Yellowknife will be providing a location for the Web cam, provided by the University of Calgary. Astronomy North will organize the project and images produced will provide data to a National Space Agency (NASA) mission that aims to better understand the Aurora.  

The Aurora has been a subject of University of Calgary imaging projects for more than four decades, explains Eric Donovan an associate professor in the department of physics and astronomy at the institute.

The university continues to run a wide range of devices that monitor the sky and has more than 50 active sites in Canada’s north.

We acted on this idea of taking one of our cameras to Yellowknife and running it up as a Web cam, Donovan says. “It would be a public outreach on the one hand, and provide valuable data research on the other.”

The Canadian Space Agency will pay for the imager to be set up, but it’s nothing too fancy. The camera is about a foot long and outfitted with a fish eye lens just a couple of inches in diameter. The optics take in the whole of the night sky and project it on to a CCD chip.

It’s a modified version of a Starlight Xpress Ltd. colour camera that’s popular among backyard astronomers around the world. So don’t expect the photos – updated to the Web site every several seconds – to match an HD experience the likes of Planet Earth.

“We’re creating a compromise between something that’s visually appealing and scientifically useful,” the astronomer says. “It will look like your average newspaper picture, degraded a bit.”

Bottomline: It’s not a tourism poster.

The camera is part of a University of Calgary project that aims to create a mosaic of the night sky from the perspective of ground-based cameras. To actually digest that amount of information, each photo must be a fairly low resolution. Otherwise, a massive amount of storage would be required.

Research conducted on the data will help shed light on the mystery behind the Aurora Borealis. It will also help the residents of Yellowknife better grasp the beauty that draws upwards of 15,000 tourists every season.

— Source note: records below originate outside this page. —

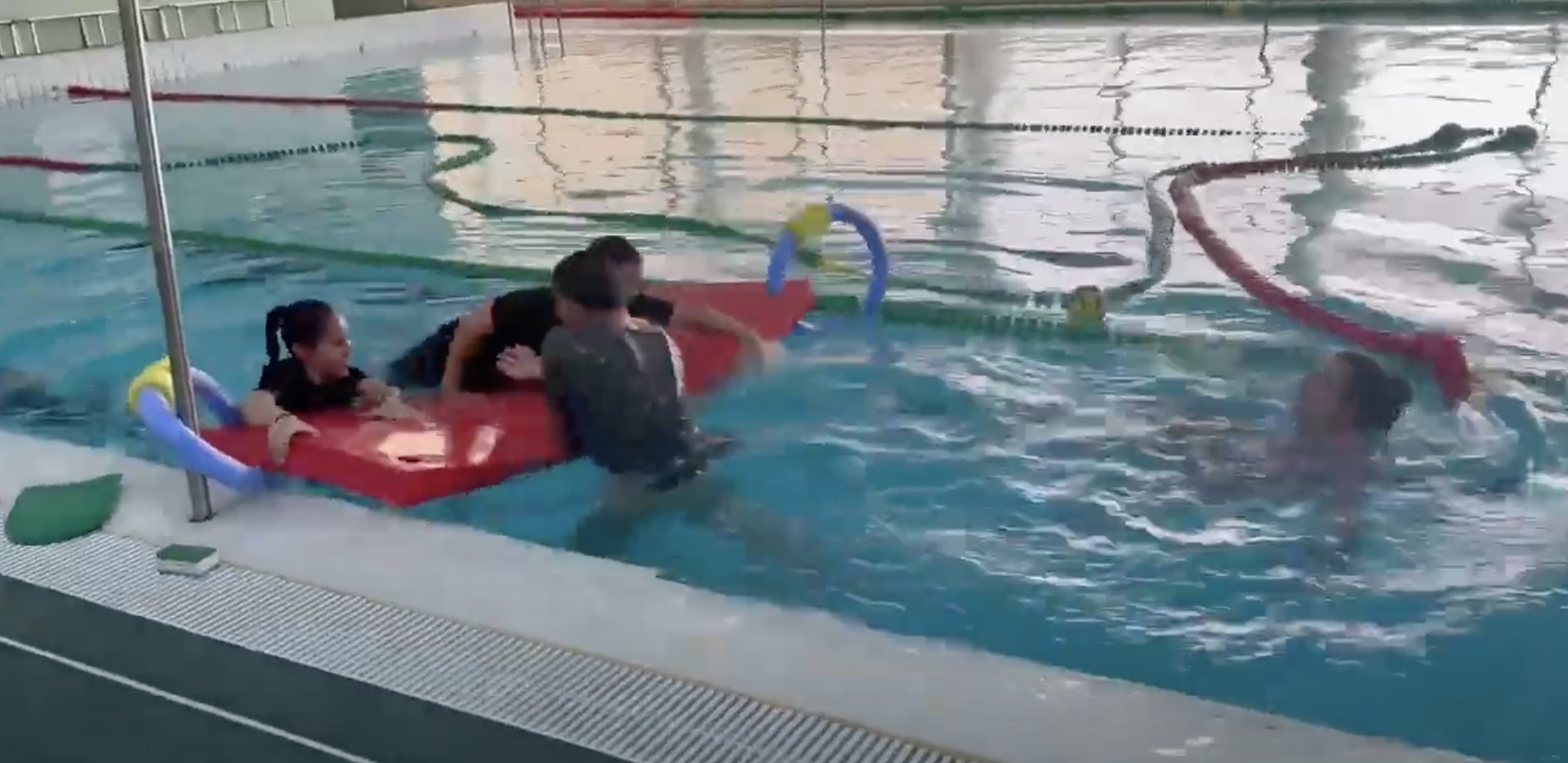 “A team of adventurers falls off a boat during a storm - WITH CLOTHES! The aim is to survive, swim to the shore (edge of the pool), collect supplies (objects), and save their colleagues who were left behind (swim together with a colleague).”
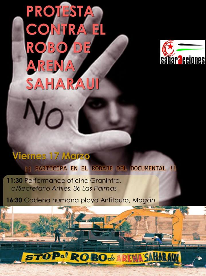 Algunas empresas canarias han participado del saqueo de recursos naturales saharauis y continúan haciéndolo. Esta actividad, después de la sentencia del Tribunal de Justicia Europeo de diciembre pasado, es además de inmoral, delictiva. Para protestar contra estas actividades y la complicidad de las autoridades que las amparan, cuando no promueven, a las 11’30 h. del viernes 17 de marzo nos concentraremos ante la sede de GRANINTRA una de las principales beneficiarias de esta trama. Por la tarde a las 16’30h haremos una cadena humana en la Playa de Anfi Tauro, una de las playas artificiales construidas con las mismas arenas en las que el ocupante marroquí hizo desaparecer a cientos de personas. Te invitamos a que participes en la denuncia del robo de recursos saharauis.
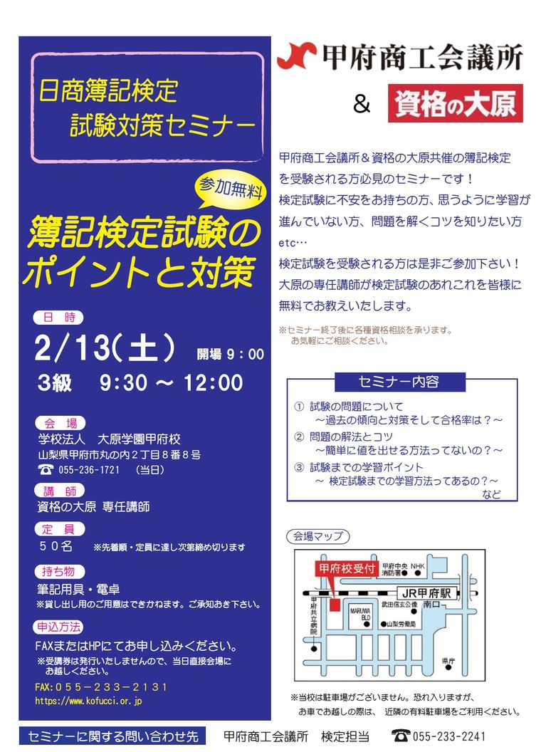 日商簿記検定試験対策セミナー(3級)
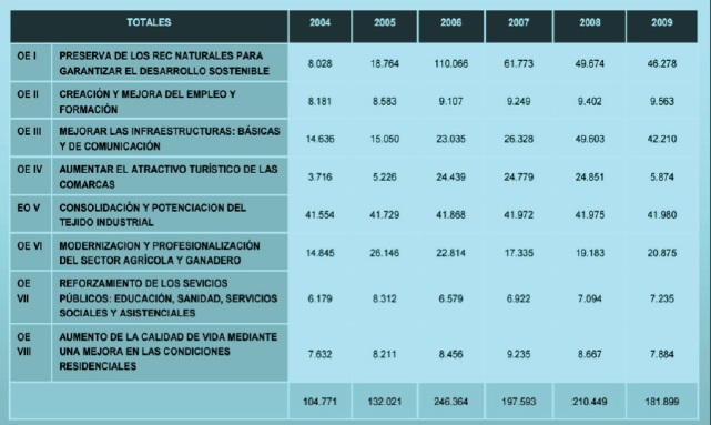El Enfoque LEADER se financia, en un 75% por Fondo Europeo de Desarrollo Rural (FEADER), en un 12,5%, por la Comunidad Autónoma de la Región de Murcia, y el 12,5% restante por Administración General del Estado, a través del Ministerio de Agricultura, Alimentación y Medio Ambiente. En el PDR de la Región de Murcia 2007-2013 se observa la importancia de estas ayudas y cómo se atiende al fomento de las actividades turísticas (figura 9).
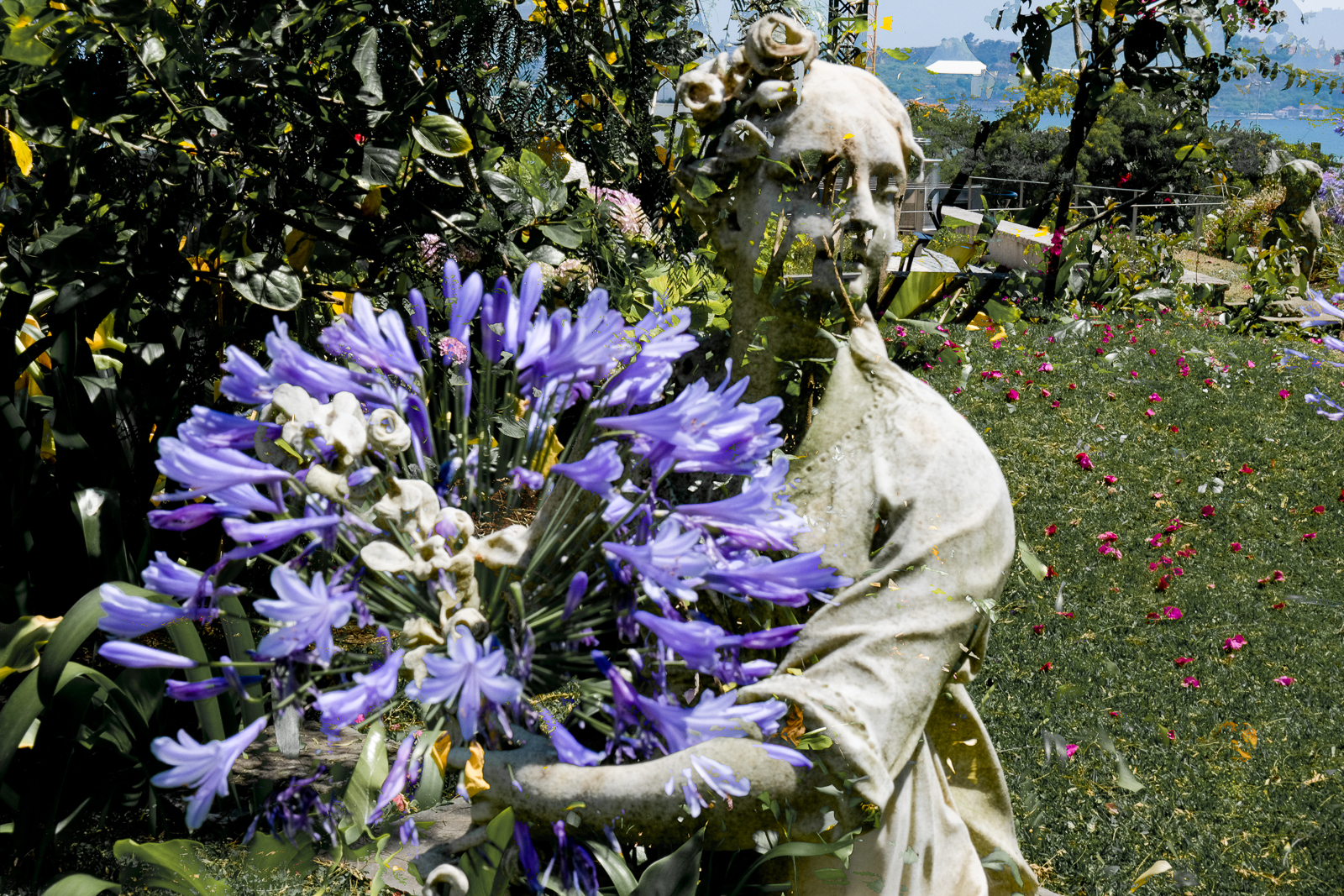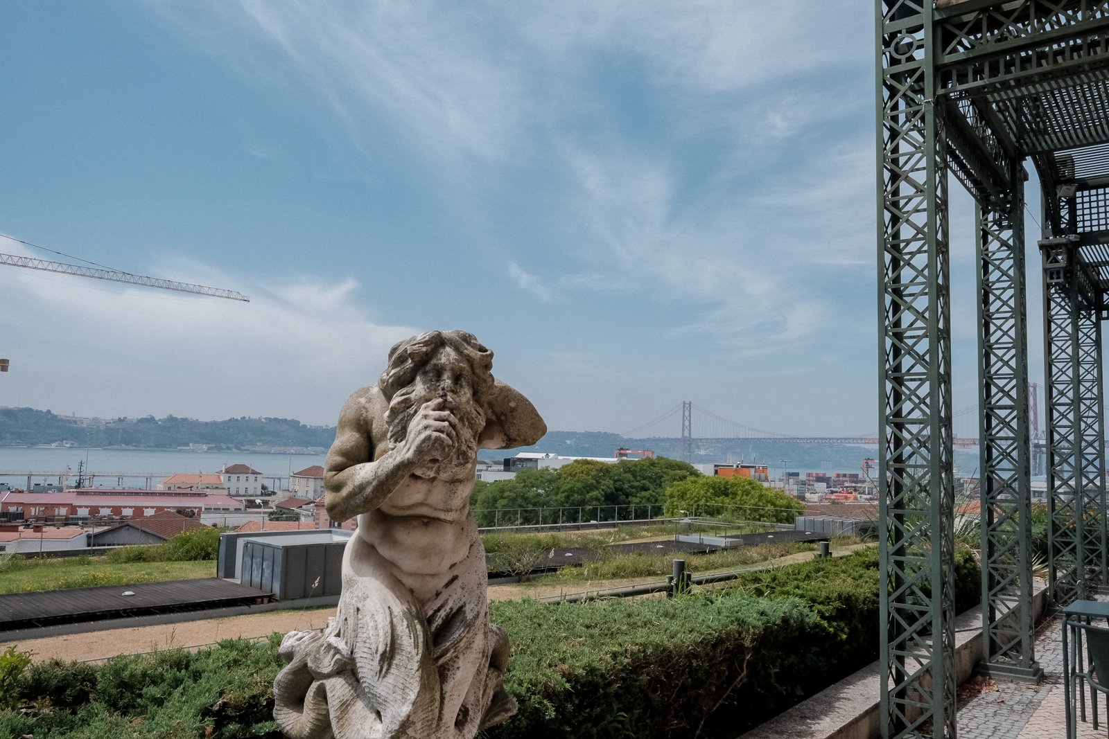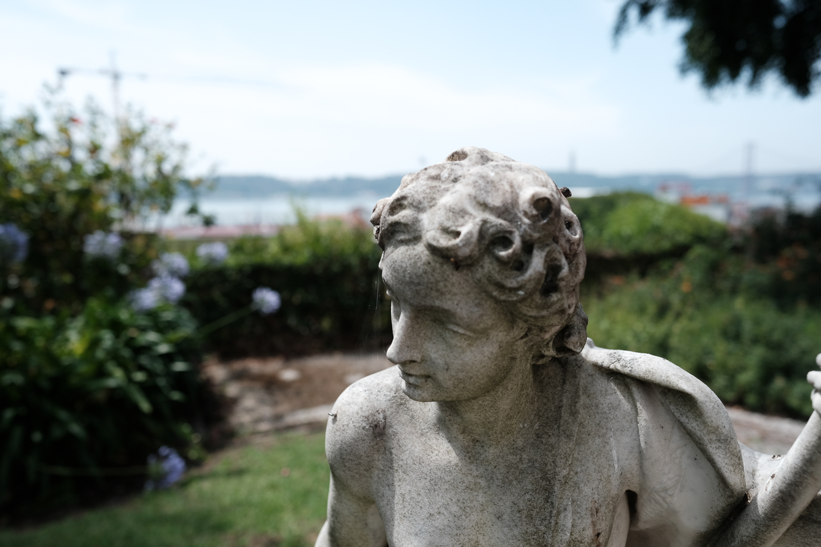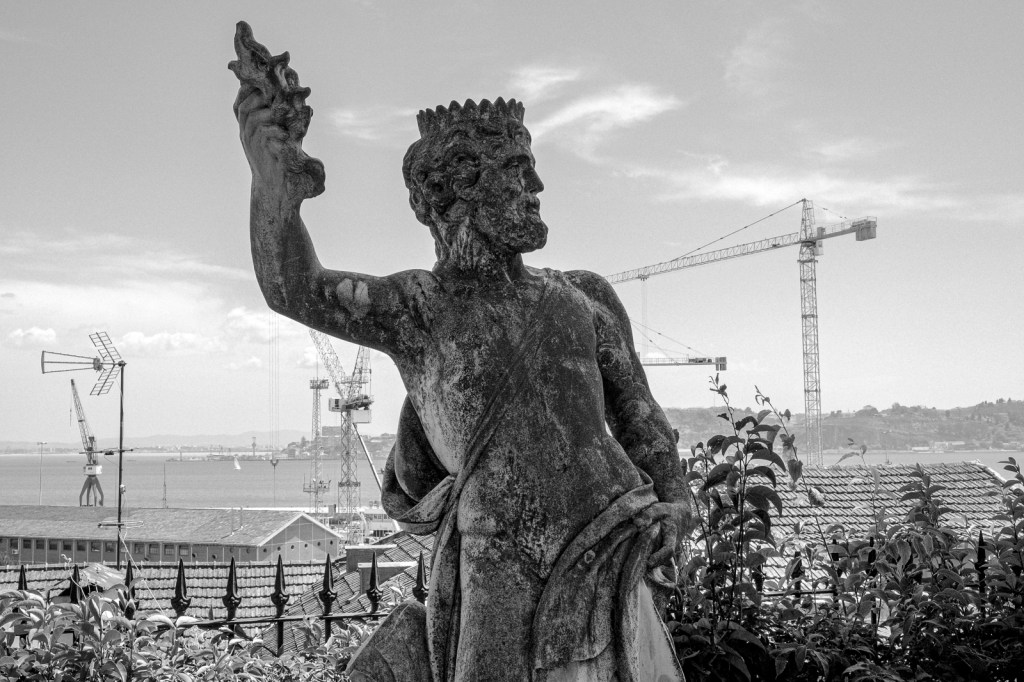 Pour passer le temps, je photographie les statues qui agrémentent le jardin. Ce ne sont pas de grandes oeuvres. Des copies, probablement du XVIIIe siècle, de sujets mythologiques. Mais cela doit être la troisième ou quatrième fois que je les fixe. J’aime bien retrouver Zeus sur un fond de grues portuaires, Bacchus face au pont du 25 avril. e teste les réglages de profondeur de champ.

“I’ve always been a bit nervous about it because we’ve never really understood it,” van Tighem says. “Until people who make scientific studies of it came through town.”

The phenomen is caused by an interaction of the solar wind – charged particles emanating from the Sun – interacting with gases in the Earth’s atmosphere. The Sun is nearing a peak phase in its solar activity cycle that scientists anticipate will occur in 2012. Then, there will be more sunspots, or the colder and more magnetically dense areas of the Sun that are linked to the Aurora.

By understanding the Aurora, scientists hope to better grasp the nearby outer space environment surrounding Earth.

“The Aurora is the most effective way of sensing that environment,” Donovan says.

Yellowknife is hopeful the view of the northern lights on a computer screen might motivate more Aurora-watching tourists to head north. But they won’t be able to visit the building that houses the camera.

It is in an undisclosed location, as a security precaution.